Есть и еще одна особенность, свойственная всем героям пушкинской трагедии без исключения, – глубокий историзм их характеров, достигнутый путем изучения летописей и других исторических документов. "Характер Пимена, – говорил Пушкин, – не есть мое изобретение. В нем собрал я черты, пленившие меня в старых летописях".
Историк М. П. Погодин, слушавший "Бориса Годунова" в авторском чтении, вспоминал: "Сцена летописателя с Григорием всех ошеломила. Мне показалось, что мой родной и любезный Нестор поднялся из могилы и говорит устами Пимена".
Таким образом, в "Борисе Годунове" Пушкин расстается со всеми эстетическими принципами, на которых держалась целостность классической трагедии. Но по своим художественным установкам Пушкин был созидателем. Он разрушал устаревшие традиции классицизма во имя созидания более емкой и совершенной драматургической системы. В чем ее своеобразие и характерные признаки?
Долгое время считалось, что Пушкин в своей трагедии сделал народ главным героем и творческой силой истории. Однако сам Пушкин видел цель трагедии в другом: "Что развивается в трагедии? какая цель ее? – спрашивал он и отвечал. – Человек и народ. Судьба человеческая, судьба народная". Вдумаемся в эти слова. "Человек и народ" – это, в сущности, весь охват действующих лиц в трагедии, а главная цель ее – судьба человека и судьба народа: общая, соединяющая всех судьба или закон судеб человеческих.
Когда внимательно читаешь "Бориса Годунова", трудно отделаться от ощущения, что, кроме видимых, действующих героев трагедии, есть в ней еще один герой, невидимый, не персонифицированный, но тоже действующий, постоянно дающий о себе знать. Причем этот невидимый герой как раз и является верховным арбитром, он-то и направляет действие в нужное ему русло и делает это неожиданно, непредсказуемо.
Несмотря на внешнюю пестроту сцен в трагедии, всех их объединяет единое действие, движущееся динамично и целенаправленно к парадоксальному итогу. Действия героев, принимающих участие в этом движении, не достигают ожидаемых ими результатов: Борис умирает побежденным, Самозванец на грани разоблачения, народ в очередной раз обманут.

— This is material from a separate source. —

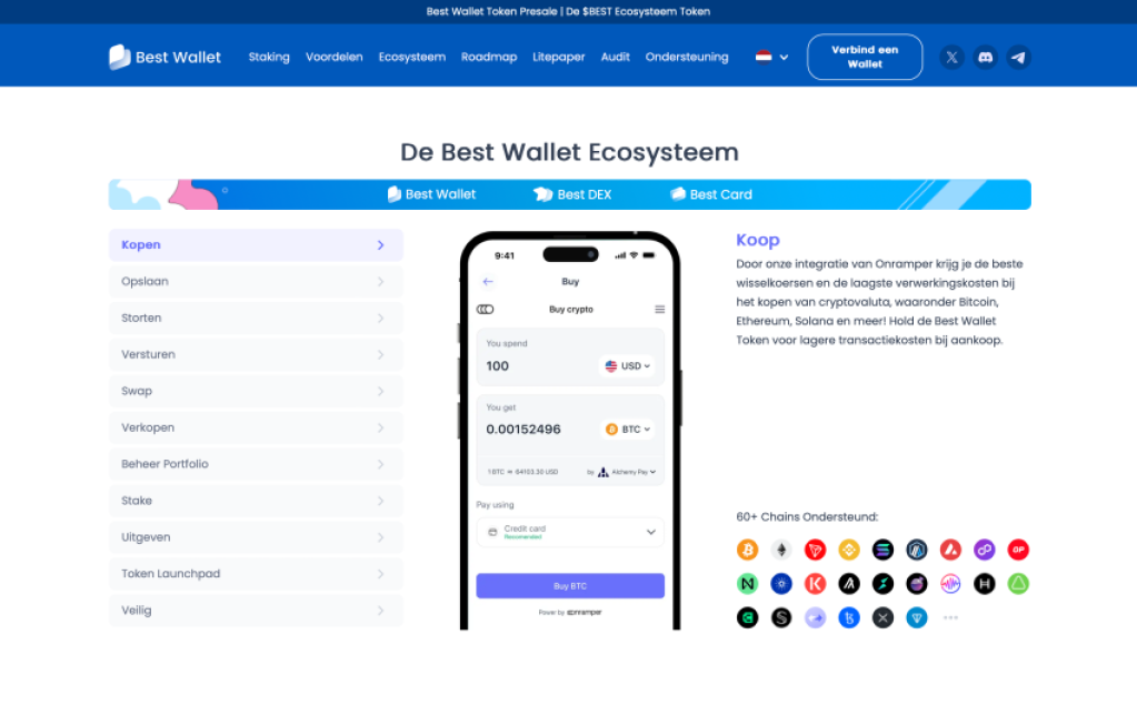 Je hebt nog even de tijd om toe te slaan voor de huidige lage prijs van $0,02455 per token voordat de volgende fase van de presale ingaat. Bij elke nieuwe fase hoort ook weer een nieuwe prijsverhoging. Op de officiële website van Best Wallet Token kun je eenvoudig je wallet koppelen of er snel nog eentje aanmaken. Daarna heb je de mogelijkheid om te betalen met crypto en je creditcard.
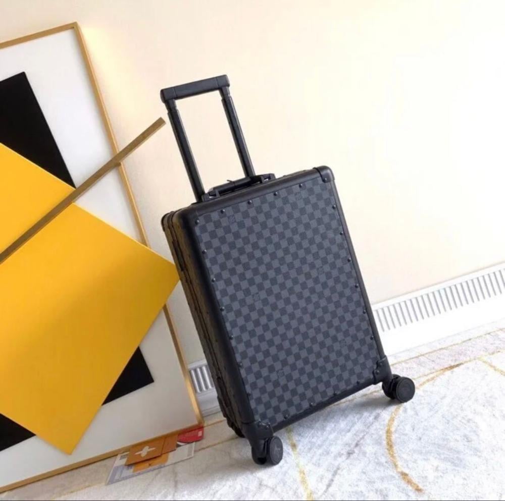 شنطة سفريات لويس فيتون بنقشة المربعات الكلاسيكية بلون أسود مع عجلات فاخرة

Замечательно, что в этих неожиданностях проявляется не слепой рок, а какая-то очень справедливая высшая Сила. Каждому воздает она по его вере и по его деяниям. Примечательна кольцевая композиция трагедии, основанная на принципе зеркального отражения. Действие открывается разговором бояр Шуйского и Воротынского об убийстве ребенка, царевича Димитрия, рвущимся к власти Борисом Годуновым. А в финальной сцене совершается убийство юного сына Бориса Годунова Феодора. Грех детоубийства, совершенный Годуновым, вызывает ответную кару, равносильную содеянному греху.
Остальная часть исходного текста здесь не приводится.